What to produce
Please print the line that holds "賣家備注信息欄對門店開放,門店可以在后臺看到總部對這筆訂單的備注信息" and each line after it to the end of the data, word for word, without any pictures.

(Stored items from a collection)
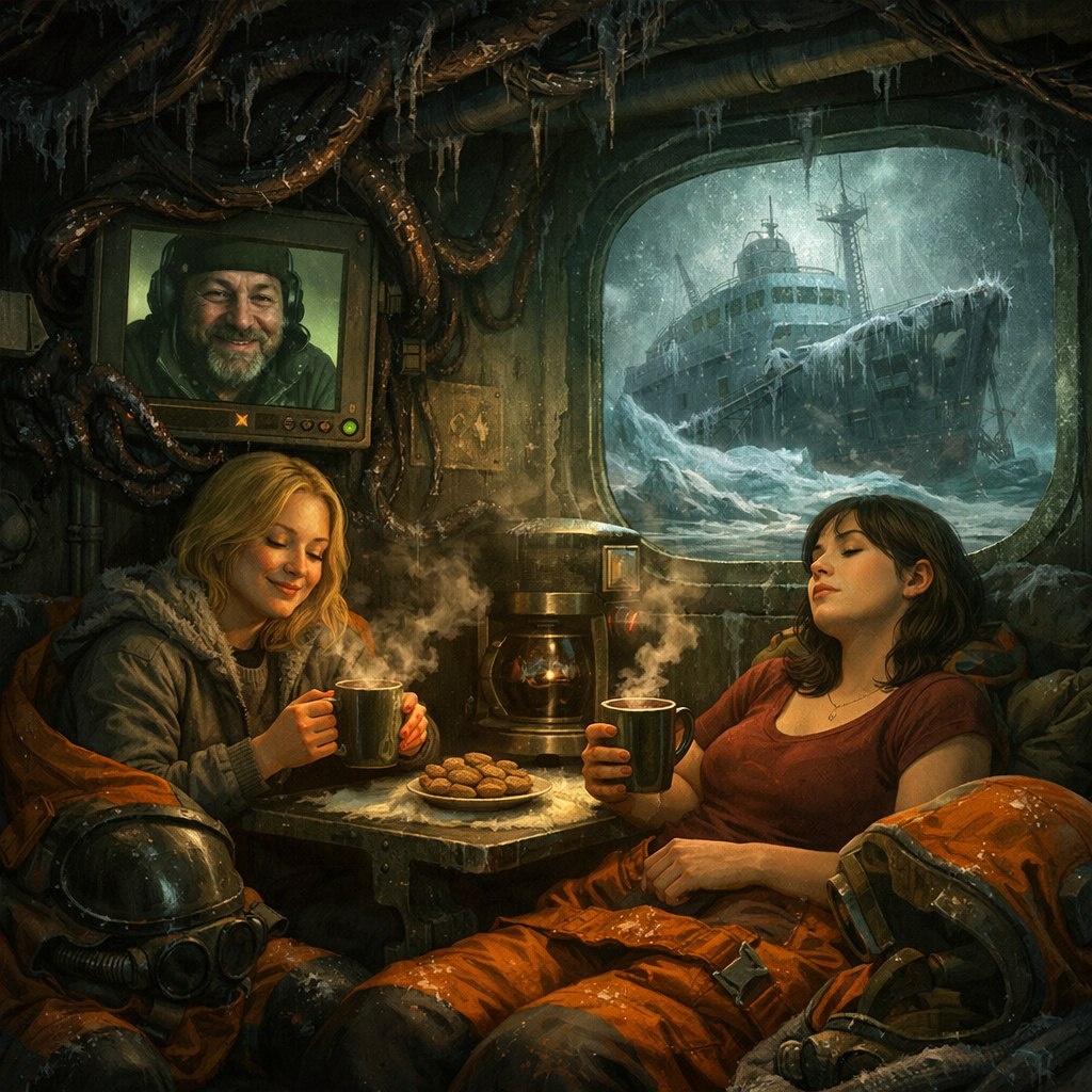 Девушки опустились в глубокие, мягкие кресла кают-компании. Искусственный интеллект продолжал плести свою невидимую словесную паутину. Он рассказывал забавные истории из жизни экипажа, описывал бескрайнее звездное небо над Арктикой. Его голос баюкал, уводил мысли прочь от пустых, обледенелых коридоров и жуткой тишины брошенного судна.
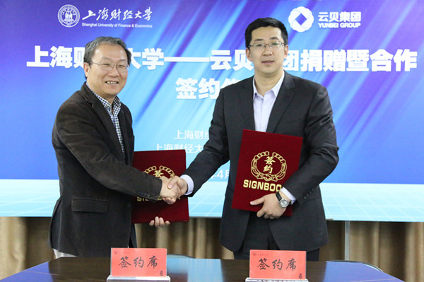 4月24日,云贝集团副总裁高猛与刘捷一行来访我校,就上海财经大学与云贝集团有限公司合作与捐赠一事进行交流并正式签约。出席仪式的还有上海财经大学副校长方华、合作发展处处长陈红梅、商学院执行院长骆玉鼎及副院长薛丽萍。
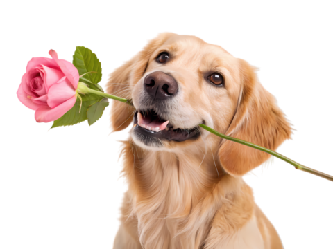 Golden Retriever Holding a Pink Rose on transparent background
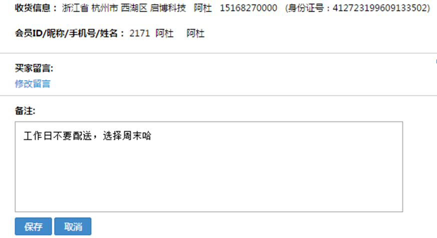 賣家備注信息欄對門店開放,門店可以在后臺看到總部對這筆訂單的備注信息
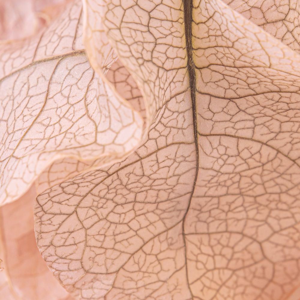 "Couleurs pastel : rose tendre - pétales beiges" ; est une photo macro de belles feuilles d'une plante à Lanzarote. Ces feuilles sont tombées de la plante et se sont déjà partiellement décomposées. Par conséquent, vous pouvez voir la belle structure des nervures des feuilles. C'est sur la feuille supérieure, au milieu, que l'on voit le mieux cette structure veineuse.
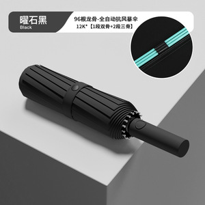 【ダブルリブ自動モデル】40セクショングラスファイバー耐風傘骨 ブラック
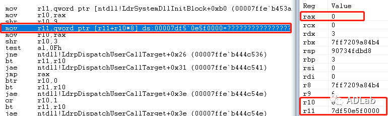 继续往下执行,将rsi中0值赋值到rax中,然后调用0x7ff8fab0c510处,即ntdll!LdrpDispatchUserCallTarget。
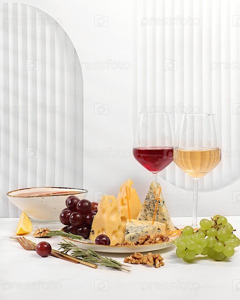 Натюрморт с гурманским голубым сыром, пармезаном, виноградом, медом, орехами, розмарином и вином. Дегустация вин. Сырная тарелка с сезонными закусками к вину, концепция итальянской кухни, меню для ресторана и кафе
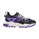 - Full grain black and purple hybrid-tanned leather and vegan leather upper.
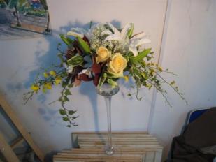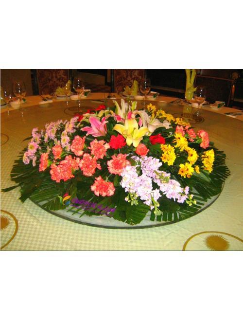 一是千篇一律。在九十年代初期,餐桌的插花并不多见,当 时的餐桌插花大多以简单的瓶插或规则的几何造型为主,如半 圆形、椭圆形等。花卉用常见的月季、石竹、扶朗、剑兰等。色 彩以暖色系为主。档次较低质量较差的仿真人造花时有出现, 而高水准的插花花艺作品,只出现在个别高档的酒店。
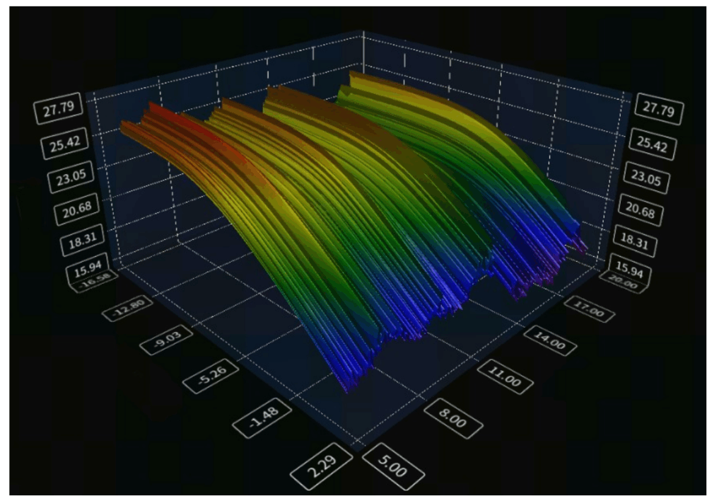1回の接続とキャリブレーションで、アクティブデバイスの線形利得、圧縮点における利得、入力電力・出力電力、線形入力マッチングなどの利得圧縮パラメータを迅速に測定できます。さらに、3Dビュー機能により、励起状態における被測定デバイスの特性を立体的に表示でき、周波数プロファイルやパワープロファイルを視覚化することで、各周波数点・各電力点での特性を直感的に把握でき、デバイス性能の理解がより容易になります。

Worked solution
 賣家備注信息欄對門店開放,門店可以在后臺看到總部對這筆訂單的備注信息
 "Couleurs pastel : rose tendre - pétales beiges" ; est une photo macro de belles feuilles d'une plante à Lanzarote. Ces feuilles sont tombées de la plante et se sont déjà partiellement décomposées. Par conséquent, vous pouvez voir la belle structure des nervures des feuilles. C'est sur la feuille supérieure, au milieu, que l'on voit le mieux cette structure veineuse.
 【ダブルリブ自動モデル】40セクショングラスファイバー耐風傘骨 ブラック
 继续往下执行,将rsi中0值赋值到rax中,然后调用0x7ff8fab0c510处,即ntdll!LdrpDispatchUserCallTarget。
 Натюрморт с гурманским голубым сыром, пармезаном, виноградом, медом, орехами, розмарином и вином. Дегустация вин. Сырная тарелка с сезонными закусками к вину, концепция итальянской кухни, меню для ресторана и кафе
 - Full grain black and purple hybrid-tanned leather and vegan leather upper.
 一是千篇一律。在九十年代初期,餐桌的插花并不多见,当 时的餐桌插花大多以简单的瓶插或规则的几何造型为主,如半 圆形、椭圆形等。花卉用常见的月季、石竹、扶朗、剑兰等。色 彩以暖色系为主。档次较低质量较差的仿真人造花时有出现, 而高水准的插花花艺作品,只出现在个别高档的酒店。
1回の接続とキャリブレーションで、アクティブデバイスの線形利得、圧縮点における利得、入力電力・出力電力、線形入力マッチングなどの利得圧縮パラメータを迅速に測定できます。さらに、3Dビュー機能により、励起状態における被測定デバイスの特性を立体的に表示でき、周波数プロファイルやパワープロファイルを視覚化することで、各周波数点・各電力点での特性を直感的に把握でき、デバイス性能の理解がより容易になります。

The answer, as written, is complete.